§ **Items from a dataset**
────────────────────────────────────────
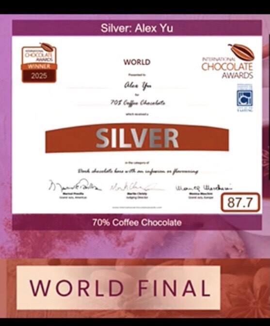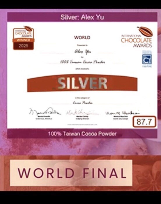以台灣可可勇奪2025世界巧克力大獎銀牌 — 以教學、研發與在地可可為核心,展現「從產地到巧克力」的國際競爭力 —2025年國際巧克力大獎(International Chocolate Awards, ICA)世界總決賽結果揭曉,來自台灣屏東的巧克力職人-喻天福 老師再次以屏東在地可可為核心原料,榮獲世界銀牌兩面,分別是〈70% Taiwan Coffee Chocolate〉與〈100% Taiwan Cocoa Powder〉。
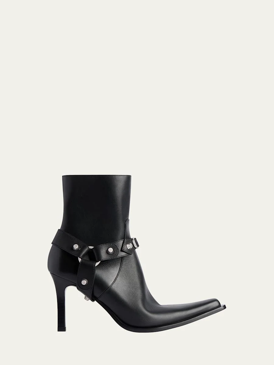 Finished with the label's signature metallic studs and hinged leather harness strap, the "City" booties by Balenciaga are crafted from smooth calf leather 3.50 in / 90 mm stiletto heel Pointed toe Side zip fastening Rubber outsole Spot clean Made in Italy
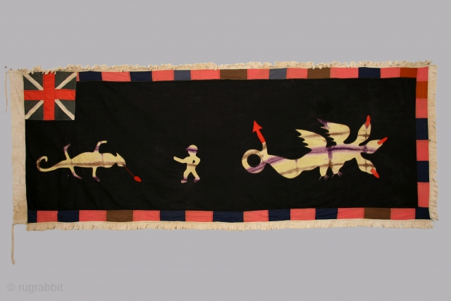 Fante society banner, Asafo people, Ghana, cotton fabric, before 1956, 42 x 106 inches. These banners usually illustrate Asafo proverbs. In this case, the proverb expressed is that if a man wished to escape harms that might come from anywhere, land ,sea, and sky, ( the dragon) then one must become like a chameleon and be able to blend into all surroundings and escape any harms unnoticed. This is an exceptionally large and striking banner. the use of resist dyed fabric for the three figures is also unusual. The condition is very good.
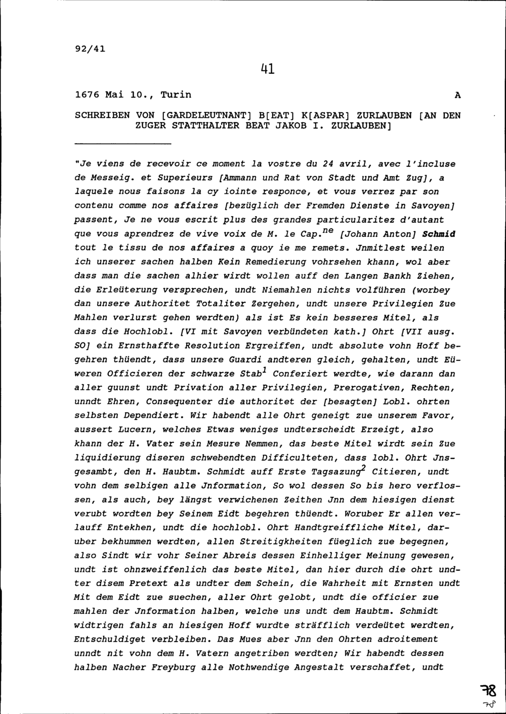 Schreiben von Beat Kaspar Zurlauben, Gardeleutnant, an Beat Jakob I. Zurlauben, Statthalter Zug
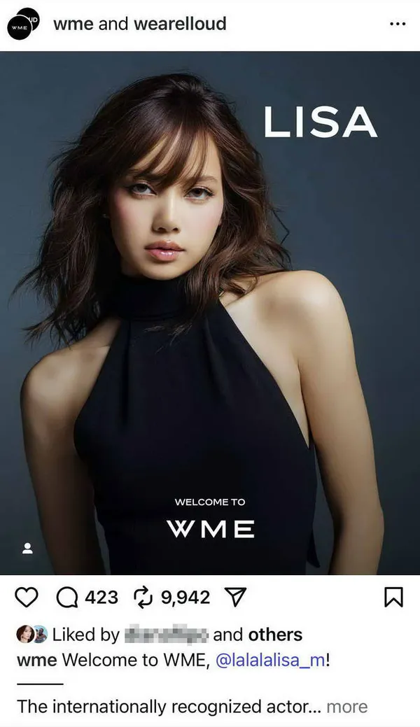 และล่าสุดทาง WME ได้โพสต์ข้อความต้อนรับ ลิซ่า พร้อมระบุข้อความแปลเป็นไทยว่า "ลลิษา มโนบาล นักแสดงชื่อดังระดับโลก ได้เซ็นสัญญากับ WME เพื่อเป็นตัวแทนในการแสดงของเธอ ขณะที่เธอยังคงเดินหน้าสร้างอาชีพในวงการภาพยนตร์และโทรทัศน์
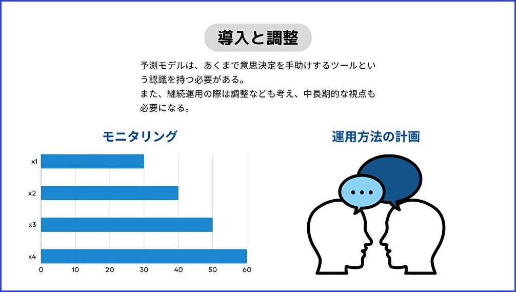 需要予測モデルは、あくまで意思決定を手助けするツールという前提で、「どう使うか」を合わせて設計することが重要です。
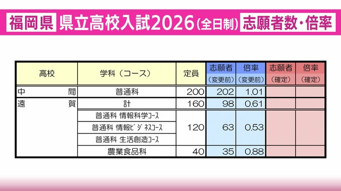 【全校掲載】福岡県立高校(北九州地区) 2026年一般入試の志願者数・倍率 東筑1.35倍・小倉1.20倍・八幡0.98倍・戸畑1.20倍 2026年2月20日(金) 21:31 国内 中間・遠賀の志願者数と倍率
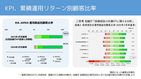 資産運用のアドバイスに特化する中立アドバイザーで、証券会社などから手数料・キックバック等を受け取らず、投資助言を提供するRIA JAPANは、2026年3月末時点での顧客計数を公表しました(速報値)。
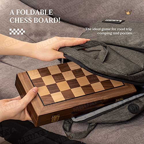 Pacchetto include: il nostro set di giochi in legno include 32 pezzi degli scacchi e 24 pezzi della scacchiera e misura 13 "x 6,6" x 2,6 "quando piegato (33 * 17 * 6,5 CM), è comodo per uso interno ed esterno.
────────────────────────────────────────
What you need to produce is an exact copy of the entries above, limited to the lines from the one with "21:31 国内 中間・遠賀の志願者数と倍率" up to and including the one with "資産運用のアドバイスに特化す", without pictures.

 【全校掲載】福岡県立高校(北九州地区) 2026年一般入試の志願者数・倍率 東筑1.35倍・小倉1.20倍・八幡0.98倍・戸畑1.20倍 2026年2月20日(金) 21:31 国内 中間・遠賀の志願者数と倍率
 資産運用のアドバイスに特化する中立アドバイザーで、証券会社などから手数料・キックバック等を受け取らず、投資助言を提供するRIA JAPANは、2026年3月末時点での顧客計数を公表しました(速報値)。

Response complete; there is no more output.